From figure 6.1b it is clear that timing is a big problem, as there are time delays for reading each analogue channel and transmitting the data. This problem is worse at high sample frequencies and one solution is to work around the problem and try to software offset the waveforms to compensate for these time delays. Another option is to use four PICs hence sampling can occur simultaneously, and use a master/slave communication protocol with some why of synchronising all the PICs. PIC microcontrollers are so cheap that this is a real option and was considered, multiple PICs in designs are widely used, unlike microprocessor design were it is usually expected that one microprocessor will control everything (e.g. PC, although there are lots of MPUs in a modern PC besides the Pentium).

Figure 6.1c illustrates sampling four channels in the real-time mode using alternate sampling. Channel 1 is sampled 1000-times, then channel 2 is sampled 1000-times, then channel 3 is sampled 1000-times, then channel 4 is sampled 1000-times and the process repeats forever.

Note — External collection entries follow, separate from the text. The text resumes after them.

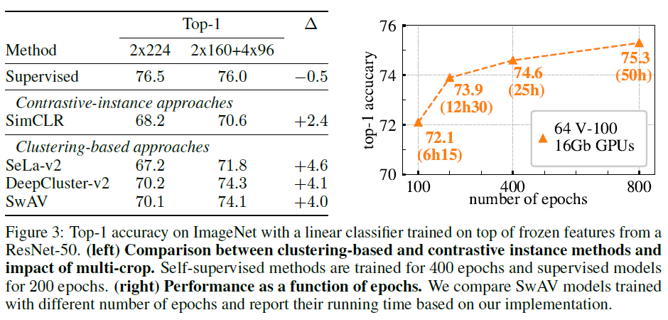 Fig3의 왼쪽에서는 contrastive-instance 방법과 clustering 기반 방법을 최대한 동등하게 비교하기 위해 세팅을 맞췄다고 합니다(data augmentation, 학습epoch, batch크기 통일 등). 해당 실험에서 SwAV와 Deepcluster가 multicrop의 유무와 관계없이 SimCLR를 능가한다고 합니다. 해당 실험은 instance classification 기반 방법론 대비 클러스터링 기반 방법론들의 포텐셜을 어필하기 위해 리포팅 한 것 같네요. 여기서 DeepCluster가 좋은 성능을 보이기는 하지만, SwAV와 달리 online learning이 불가능하다는 단점이 있음을 강조합니다.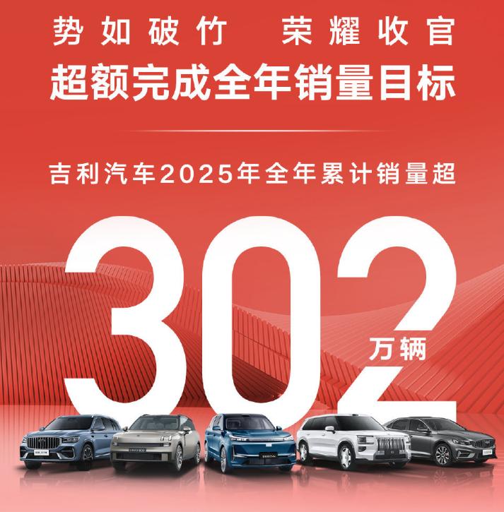 其以全年302万台的销量收官,相比于24年,销量增幅39%,超额完成了300万年销量目标,是竞争激烈的25年最成功的一家大型汽车集团。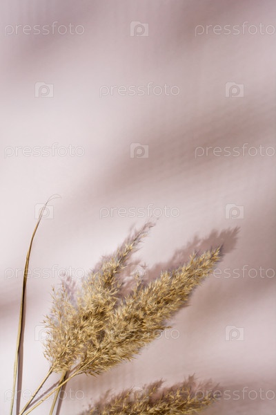 Пампасная трава и тени на нейтральном пастельном фоне. Фон для надписей и историй

Figure 6.1c. Illustration of real-time mode with four channels (alternate mode)

The advantage of using alternate sampling is that all channels can be sampled at the maximum sample rate, while in chop mode each channel must share the RS232 throughput (RS232 bottleneck), for example say the maximum sample rate was 4KHz (set by the maximum RS232 frame structure throughput), one channel enabled would have a max sample rate of 4KHz, two channels enabled would have a max sample rate of 2KHz each, four channels enabled would have a max sample rate of 1KHz each.

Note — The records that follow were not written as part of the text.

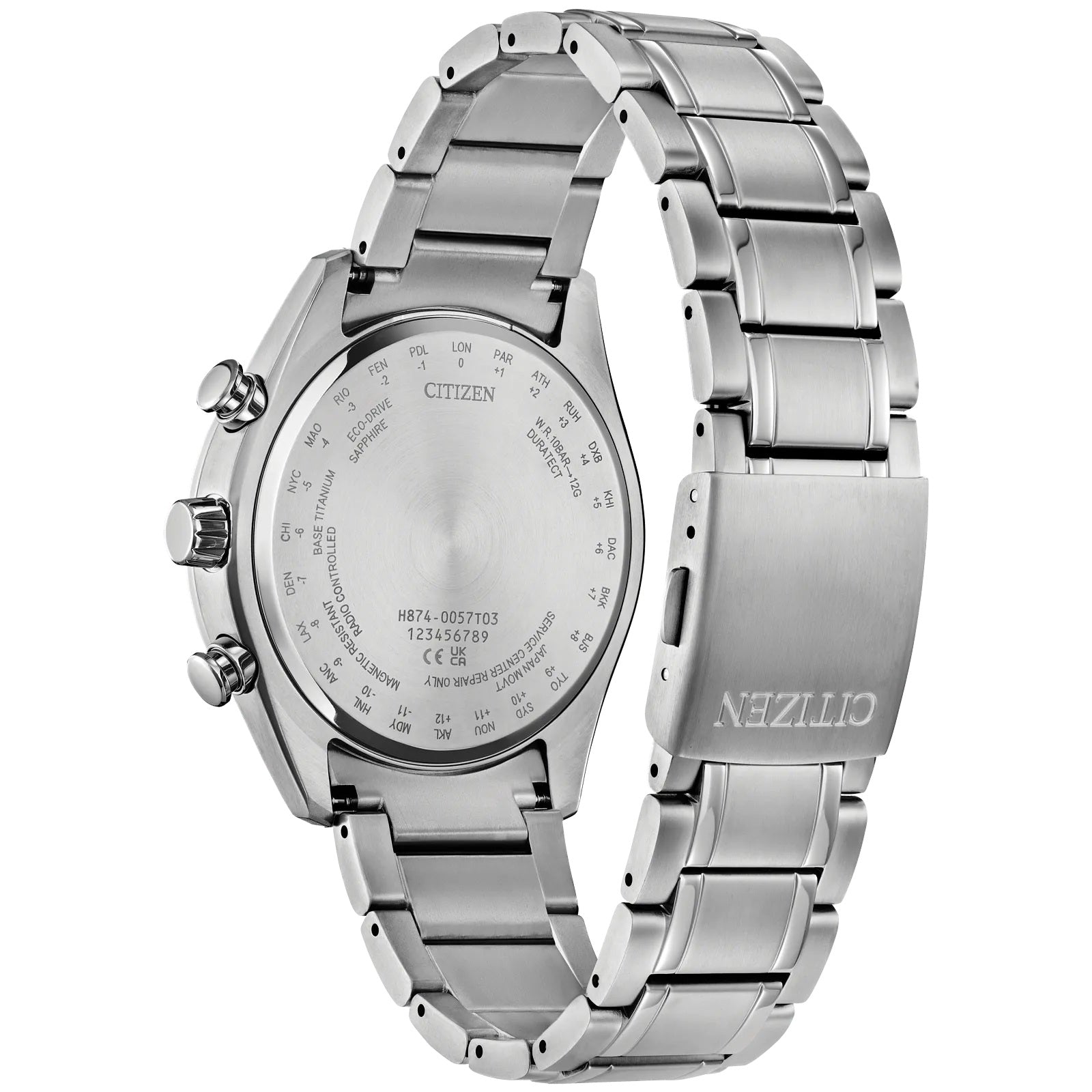 Citizen Eco-Drive Men's Tsuki-yomi A-T Watch. This Eco-Drive watch is powered by light, and features a 43mm in a silver-tone Super Titanium case with a purple dial. Features day/date, moonphase, World Time in 24 Time Zones, Radio Control, Perpetual Calendar, Atomic Timekeeping and sapphire crystal.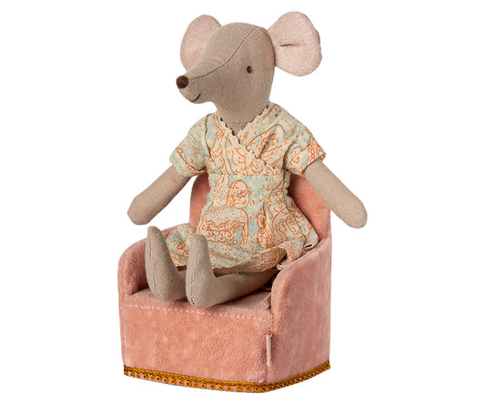 Maileg – Rosa fåtölj i miniatyr till möss, stol puderosa med guldig detalj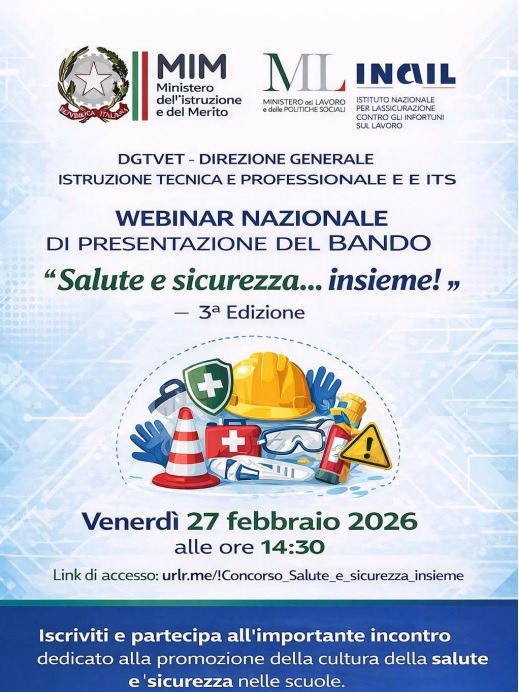 Il bando di concorso “Salute e sicurezza…insieme!” promosso dal Ministero del lavoro e delle politiche sociali, d’intesa con il Ministero dell’istruzione e del merito e in collaborazione con Inail, è giunto alla terza edizione. L’iniziativa, rivolta alle scuole secondarie di secondo grado e agli istituti di formazione professionale (IeFP) del territorio nazionale, mira a diffondere e a promuovere la salute e la sicurezza nei luoghi di lavoro, mediante l’elaborazione di progetti creativi sensibilizzanti alla prevenzione degli infortuni.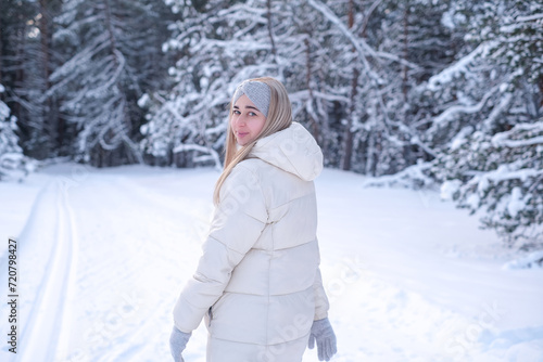 © Viktoriia, Obraz premium A woman in a white jacket and hat standing in the snow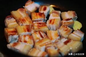 6.另起一平底锅,不用放油不用放油!先小火把五花肉码在锅里,然后用中小火把五花肉的每一个面都煎成金黄色。这一步一定要注意安全,不要被油崩到。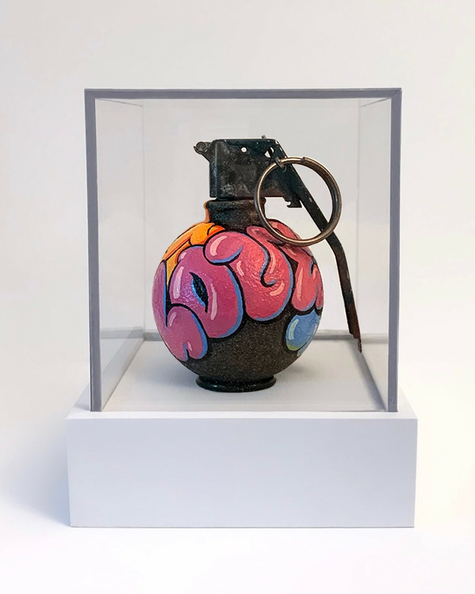 I expanded on the idea of the militarized female soldier and began painting on grenades creating, “Love Bombs” in early 2021 that touches on abuse and toxic situations. Love Bombing is a manipulation technique that a lot of abusers use to overwhelm their victims with gradiose displays of affection.

But alternate has a disadvantage; timing information between different channels (e.g. channel 1 leads channel 2 by 25ms) is lost. It is possible to software correct this problem, for example using one of the PICs real-time timers it is known how mush time as elapsed between the sampling of channels, this information could be transmitted to the PC Scope program which then draws waveforms with the correct time gap between channels. Another disadvantage is that continuous monitoring is impossible as there are gaps in channel data (e.g. continuous monitoring required for an ECG signal).  It is clear that alternate mode is only useful for periodical waveforms (e.g. sinewave), else chop mode should be used.

6.2. Storage Mode

Read a finite number of samples, storing them into RAM (external RAM chip). The readings are then transferred to the PC in one large block, hence removing the RS232 bottleneck and providing faster sample rates.

Figure 6.2a. Illustration of storage mode with one channel

Figure 6.2b. Illustration of storage mode with four channels (chop mode)

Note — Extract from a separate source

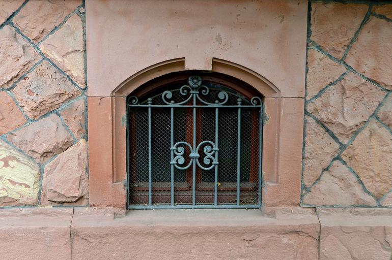 Keywords: basement lattice window art nouveau building heidelberg structure detail record basement bars architecture burglary iron railings grid sand stone material collection weststadt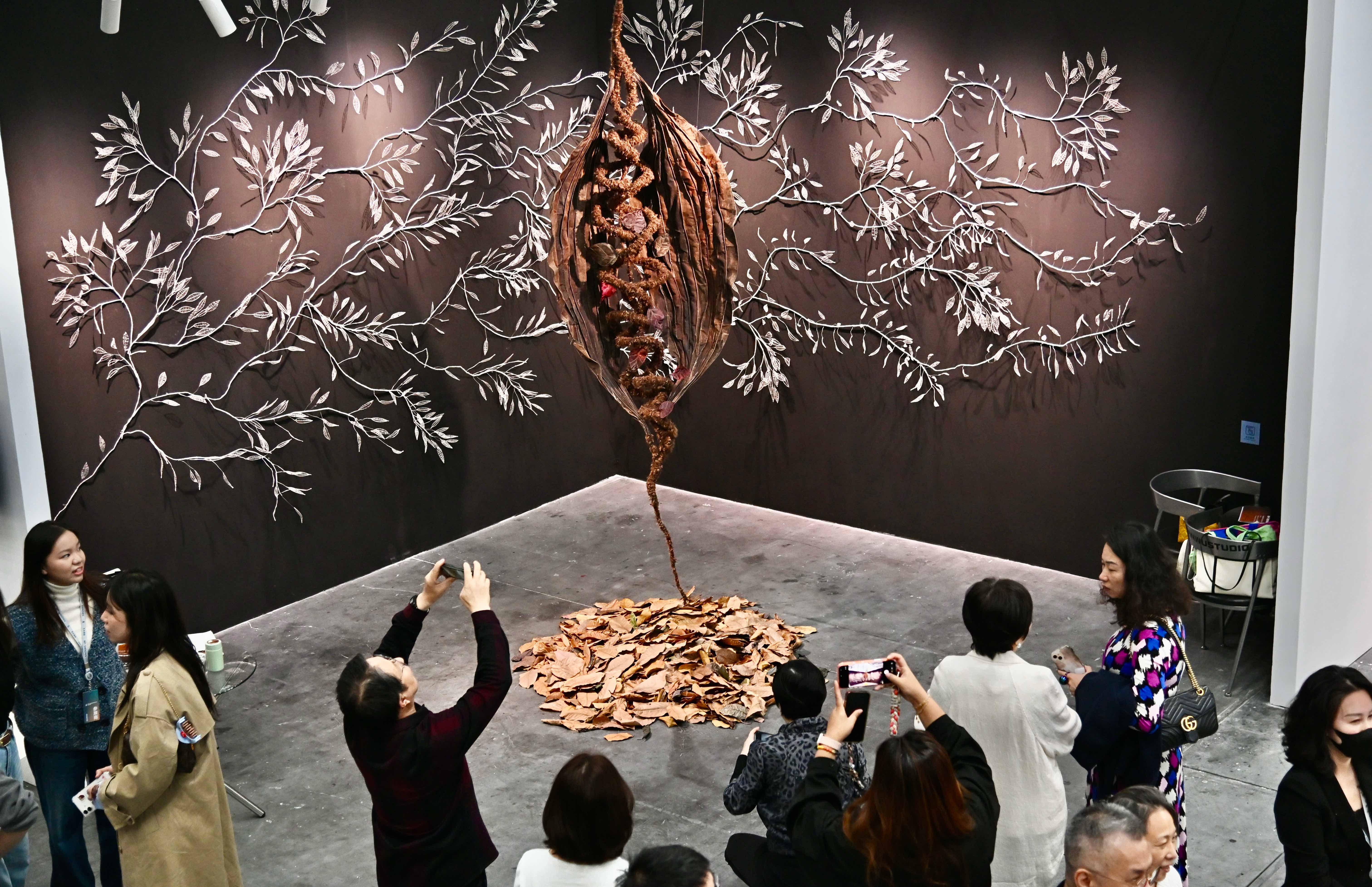 在不少业内人士眼中,今年艺术深圳的“国际范”成色更足,更亮眼。比如,常青画廊带来德国艺术家、威尼斯双年展金狮奖得主托比亚斯·雷贝格的装置作品《我在你之外》。托比亚斯·雷贝格是当代全球最受瞩目的德国艺术家之一。他的作品成为现场观众最佳打卡点之一。

Alternate sampling can applied to storage mode, but there is no real advantage over chop mode. Recall that the main reason of having alternate mode was to maximise the sample rate of each channel in the real-time mode. This no longer apples as storage mode removes the RS232 bottleneck, the new bottleneck is now the speed of the PICs ADC, hence alternate mode cannot increase channel sample rates.

6.3. Control Protocol

The PIC checks the UART buffer regularly (or UART interrupt) checking to see if a control message is being received. Once a control message has been detected, the PIC leaves the main program and checks (CRC check) that the message is valid, if not return to the main program, if valid decode and implement the message. This process is illustrated in figure 6.3a.

Figure 6.3a. Illustration of the control protocol

6.4. Frame Structure: Real-Time Mode

10-bit ADC, hence 2-bytes are sent per reading.

Figure 6.4a. Frame structure: Real Time.

If A = 0, byte 1 which contains data d9...d5 (Upper 5-bits of ADC reading).

If A = 1, byte 2 which contains data d4…d0 (Lower 5-bits of ADC reading).

B & C specify what channel the data is for.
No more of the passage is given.